Stored items from a collection
/---
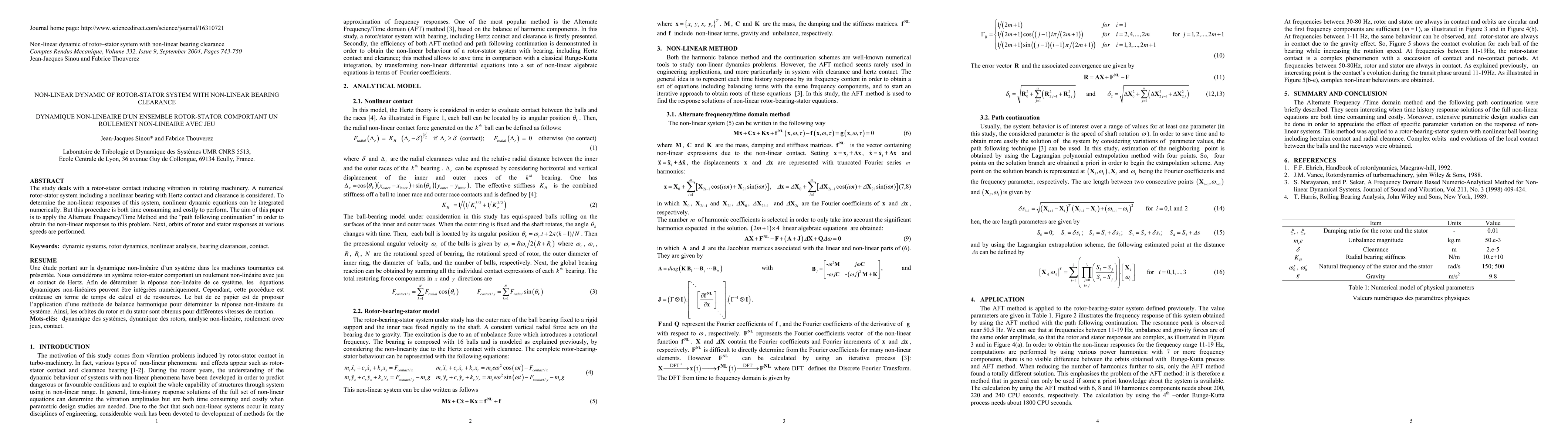 The study deals with a rotor-stator contact inducing vibration in rotating machinery. A numerical rotor-stator system, including a non-linear bearing with Hertz contact and clearance is considered. To determine the non-linear responses of this system, non-linear dynamic equations can be integrated numerically. However, this procedure is both time consuming and costly to perform. The aim of this Note is to apply the Alternate Frequency/Time Method and the 'path following continuation' in order to obtain the non-linear responses to this problem. Then the orbits of rotor and stator responses at various speeds are investigated.
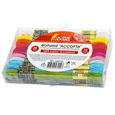 Набор ниток для вышивания (мулине) "АССОРТИ", 25 цветов по 10 м, х/б, ОСТРОВ СОКРОВИЩ, 662792
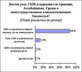 Журналистам и СМИ региона значительная часть опрошенных отводят важную, но не главную роль. Так ответили 84% из 75 журналистов. 12% считают, что роль журналистов и СМИ в строительстве межгосударственных отношений в Закавказье ничтожна. Всего 2 журналиста (представители Азербайджана) отводят медиа региона основную роль.
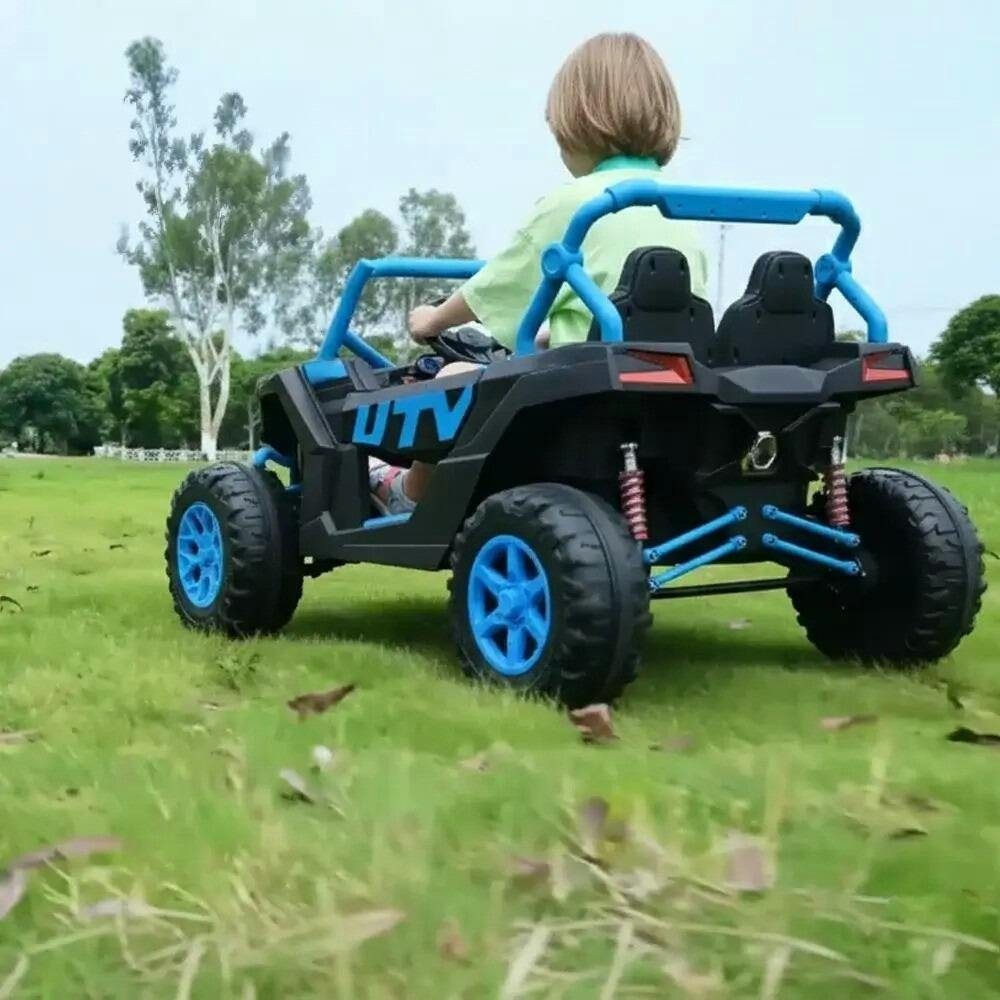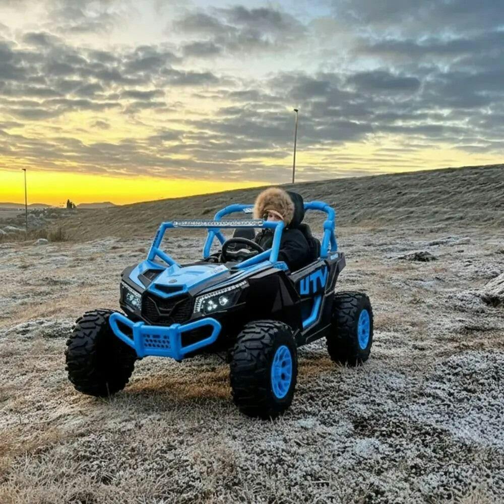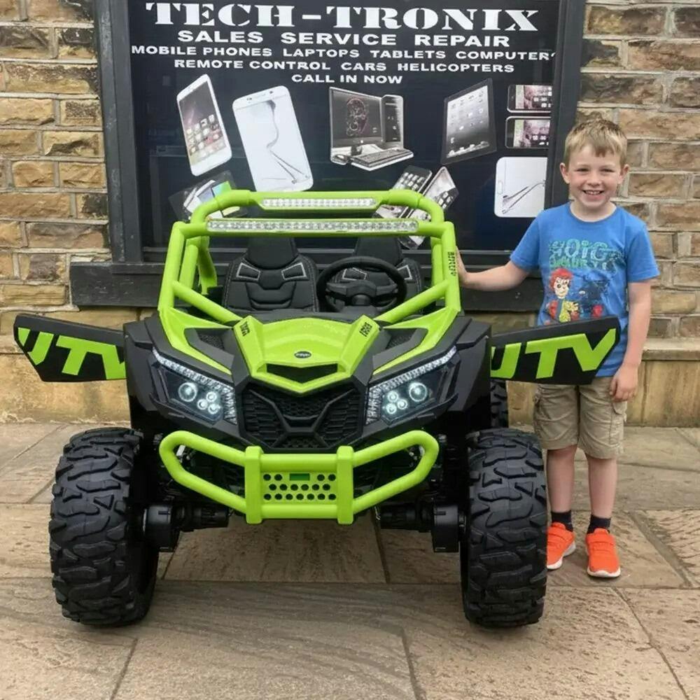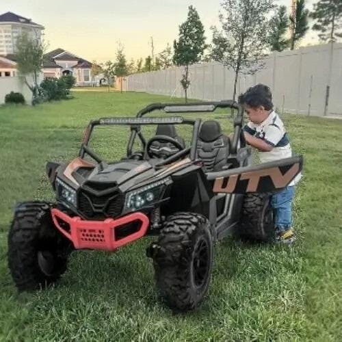 This thing has a great battery life, but also can go pretty quick! My daughter was gifted this from a friend when she turned 7 and I was certain shed be too big (although shes tall, shes petite) and this fits her perfectly. She even has space for my almost 4 year old to sit with her comfortably.There are two speeds, a switch for 2x2, 4x4 and music. Shes even got a switch for lights! The lights arent crazy bright but a cool effect, and also helpful for nighttime and others to see us on the move.Ive charged it maybe 3-4 times in 2 months, and we go on 1.5 mile walks about 4x a week.
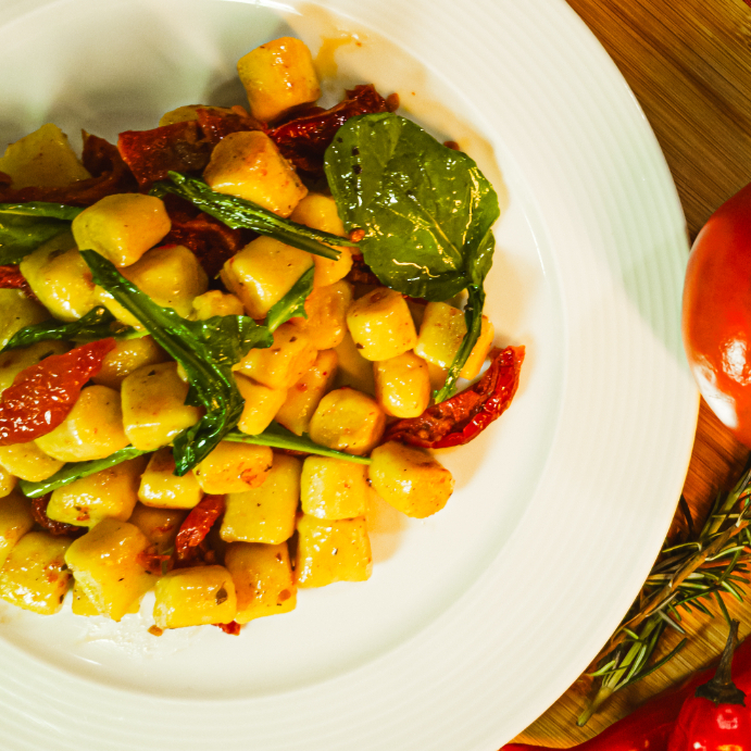 Nhoque artesanal de batata com azeite extra virgem, rúcula fresca e tomate seco. Um prato leve, aromático e cheio de personalidade.
\---
__Task to complete__:
Word for word, set down each record shown above, omitting the pictures.

__Written reply__:
 The study deals with a rotor-stator contact inducing vibration in rotating machinery. A numerical rotor-stator system, including a non-linear bearing with Hertz contact and clearance is considered. To determine the non-linear responses of this system, non-linear dynamic equations can be integrated numerically. However, this procedure is both time consuming and costly to perform. The aim of this Note is to apply the Alternate Frequency/Time Method and the 'path following continuation' in order to obtain the non-linear responses to this problem. Then the orbits of rotor and stator responses at various speeds are investigated.
 Набор ниток для вышивания (мулине) "АССОРТИ", 25 цветов по 10 м, х/б, ОСТРОВ СОКРОВИЩ, 662792
 Журналистам и СМИ региона значительная часть опрошенных отводят важную, но не главную роль. Так ответили 84% из 75 журналистов. 12% считают, что роль журналистов и СМИ в строительстве межгосударственных отношений в Закавказье ничтожна. Всего 2 журналиста (представители Азербайджана) отводят медиа региона основную роль.
 This thing has a great battery life, but also can go pretty quick! My daughter was gifted this from a friend when she turned 7 and I was certain shed be too big (although shes tall, shes petite) and this fits her perfectly. She even has space for my almost 4 year old to sit with her comfortably.There are two speeds, a switch for 2x2, 4x4 and music. Shes even got a switch for lights! The lights arent crazy bright but a cool effect, and also helpful for nighttime and others to see us on the move.Ive charged it maybe 3-4 times in 2 months, and we go on 1.5 mile walks about 4x a week.
 Nhoque artesanal de batata com azeite extra virgem, rúcula fresca e tomate seco. Um prato leve, aromático e cheio de personalidade.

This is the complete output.